Negotiations over gas have proven trickier than those over oil. Despite years of talks, Russia and China have failed to conclude a deal, as the two tough negotiators continue to haggle over price.
Instead, China has turned to more malleable partners in Central Asia, opening last year its first ever overland gas pipeline, from Turkmenistan. Indeed, China’s influence can be felt throughout the region, as it pushes investment projects in infrastructure and natural resources. Some analysts fear that could be one flashpoint for Moscow and Beijing.
Another flashpoint could be the Arctic. A report by the Stockholm International Peace Research Institute released earlier this month said China had begun directing funds towards polar research, hoping to take advantage of melting ice that has given way to greater sea routes. Russia is already embroiled in a spat with the U.S., Canada, Norway and Denmark over Arctic territorial claims.
Yet, for now, China and Russia more often presented a united front to the West, particularly through the United Nations Security Council, where they stand together on issues like resistance to sanctions against Iran. They have also banded together to discourage use of the dollar, and last year said they would boost bilateral trade in rubles and yuan.

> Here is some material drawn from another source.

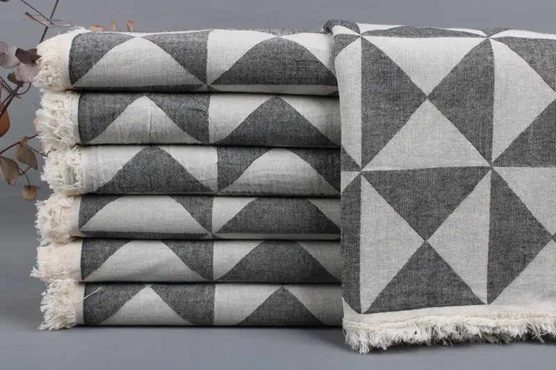 Turkish towels are woven from organic Turkish cotton, ensuring a high-quality, sustainable product. Resulting in a towel that measures 40x70 inches or 100x180 centimeters, with a weight of 425-475 grams. Each towel exhibits a slight tolerance of ± 2 inches or 5 centimeters due to the hand-weaving process.
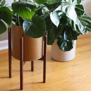 Pam made the coolest mid-century modern plant stand from an old popcorn tin. Spray paint it any color you like, but we love the gold.

For now, it’s a strategy that is working. “Both sides are claiming there is the best relationship ever between Russia and China,” noted Lukyanov. Yet he worried about the longterm: “So far, I don’t see many signs of a well thought-out strategy, vis-a-vis not only China, but generally what Russia wants to achieve in Asia, especially since Asia is seen now as the main arena for 21st century political and economic development.”